• **YOUR GOAL**
All of the data is to be printed exactly, though the images must be left off.

Segment Start: COLLECTED MATERIAL

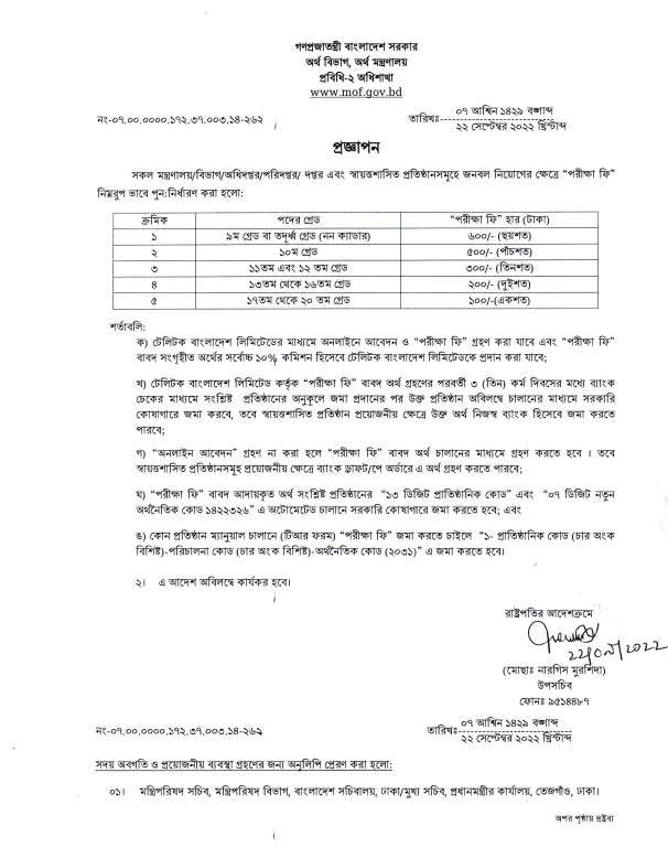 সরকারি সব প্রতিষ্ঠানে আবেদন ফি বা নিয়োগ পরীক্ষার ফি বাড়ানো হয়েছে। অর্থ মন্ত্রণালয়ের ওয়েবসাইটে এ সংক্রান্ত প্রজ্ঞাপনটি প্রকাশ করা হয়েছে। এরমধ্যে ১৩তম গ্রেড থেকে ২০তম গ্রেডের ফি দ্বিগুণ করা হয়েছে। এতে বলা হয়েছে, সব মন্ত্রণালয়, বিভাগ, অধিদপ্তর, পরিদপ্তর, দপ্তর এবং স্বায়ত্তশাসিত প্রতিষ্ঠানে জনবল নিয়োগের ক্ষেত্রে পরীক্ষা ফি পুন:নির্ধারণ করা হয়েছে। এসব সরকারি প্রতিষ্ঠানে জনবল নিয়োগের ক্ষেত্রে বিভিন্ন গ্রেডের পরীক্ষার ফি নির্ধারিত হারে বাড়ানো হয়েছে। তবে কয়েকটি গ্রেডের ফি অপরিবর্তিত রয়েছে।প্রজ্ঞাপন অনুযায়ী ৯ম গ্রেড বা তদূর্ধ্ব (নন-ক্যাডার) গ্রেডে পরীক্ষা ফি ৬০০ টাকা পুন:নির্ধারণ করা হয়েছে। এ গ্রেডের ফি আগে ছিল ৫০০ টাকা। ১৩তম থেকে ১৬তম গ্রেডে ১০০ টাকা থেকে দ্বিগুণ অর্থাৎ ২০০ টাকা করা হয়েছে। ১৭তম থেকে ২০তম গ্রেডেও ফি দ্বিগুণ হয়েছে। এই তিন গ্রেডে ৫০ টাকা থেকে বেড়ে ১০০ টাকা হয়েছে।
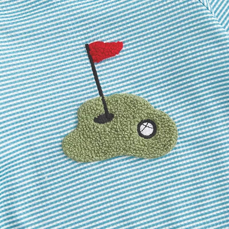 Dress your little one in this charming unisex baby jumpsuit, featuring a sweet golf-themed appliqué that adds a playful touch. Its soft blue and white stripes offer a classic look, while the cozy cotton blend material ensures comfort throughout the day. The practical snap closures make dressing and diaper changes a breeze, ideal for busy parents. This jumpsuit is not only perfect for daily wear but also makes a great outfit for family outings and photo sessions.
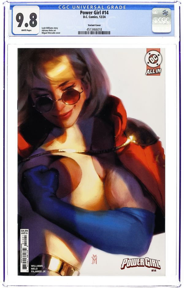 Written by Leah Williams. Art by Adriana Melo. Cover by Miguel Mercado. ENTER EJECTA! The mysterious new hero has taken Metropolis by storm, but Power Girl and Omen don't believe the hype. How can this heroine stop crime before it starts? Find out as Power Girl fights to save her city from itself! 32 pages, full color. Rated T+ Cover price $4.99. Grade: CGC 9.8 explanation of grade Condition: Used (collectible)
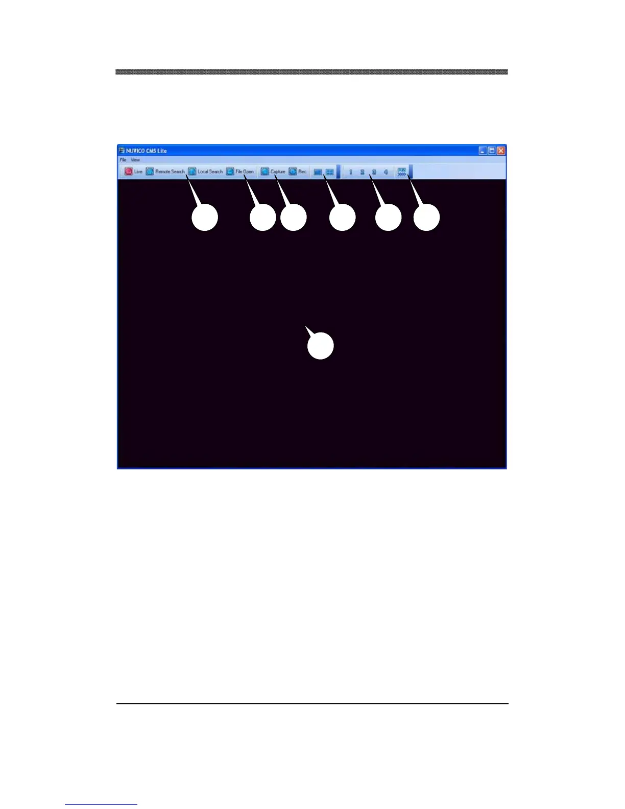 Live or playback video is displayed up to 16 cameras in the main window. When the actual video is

Segment End: COLLECTED MATERIAL

• **FINISHED TASK**
 সরকারি সব প্রতিষ্ঠানে আবেদন ফি বা নিয়োগ পরীক্ষার ফি বাড়ানো হয়েছে। অর্থ মন্ত্রণালয়ের ওয়েবসাইটে এ সংক্রান্ত প্রজ্ঞাপনটি প্রকাশ করা হয়েছে। এরমধ্যে ১৩তম গ্রেড থেকে ২০তম গ্রেডের ফি দ্বিগুণ করা হয়েছে। এতে বলা হয়েছে, সব মন্ত্রণালয়, বিভাগ, অধিদপ্তর, পরিদপ্তর, দপ্তর এবং স্বায়ত্তশাসিত প্রতিষ্ঠানে জনবল নিয়োগের ক্ষেত্রে পরীক্ষা ফি পুন:নির্ধারণ করা হয়েছে। এসব সরকারি প্রতিষ্ঠানে জনবল নিয়োগের ক্ষেত্রে বিভিন্ন গ্রেডের পরীক্ষার ফি নির্ধারিত হারে বাড়ানো হয়েছে। তবে কয়েকটি গ্রেডের ফি অপরিবর্তিত রয়েছে।প্রজ্ঞাপন অনুযায়ী ৯ম গ্রেড বা তদূর্ধ্ব (নন-ক্যাডার) গ্রেডে পরীক্ষা ফি ৬০০ টাকা পুন:নির্ধারণ করা হয়েছে। এ গ্রেডের ফি আগে ছিল ৫০০ টাকা। ১৩তম থেকে ১৬তম গ্রেডে ১০০ টাকা থেকে দ্বিগুণ অর্থাৎ ২০০ টাকা করা হয়েছে। ১৭তম থেকে ২০তম গ্রেডেও ফি দ্বিগুণ হয়েছে। এই তিন গ্রেডে ৫০ টাকা থেকে বেড়ে ১০০ টাকা হয়েছে।
 Dress your little one in this charming unisex baby jumpsuit, featuring a sweet golf-themed appliqué that adds a playful touch. Its soft blue and white stripes offer a classic look, while the cozy cotton blend material ensures comfort throughout the day. The practical snap closures make dressing and diaper changes a breeze, ideal for busy parents. This jumpsuit is not only perfect for daily wear but also makes a great outfit for family outings and photo sessions.
 Written by Leah Williams. Art by Adriana Melo. Cover by Miguel Mercado. ENTER EJECTA! The mysterious new hero has taken Metropolis by storm, but Power Girl and Omen don't believe the hype. How can this heroine stop crime before it starts? Find out as Power Girl fights to save her city from itself! 32 pages, full color. Rated T+ Cover price $4.99. Grade: CGC 9.8 explanation of grade Condition: Used (collectible)
 Live or playback video is displayed up to 16 cameras in the main window. When the actual video is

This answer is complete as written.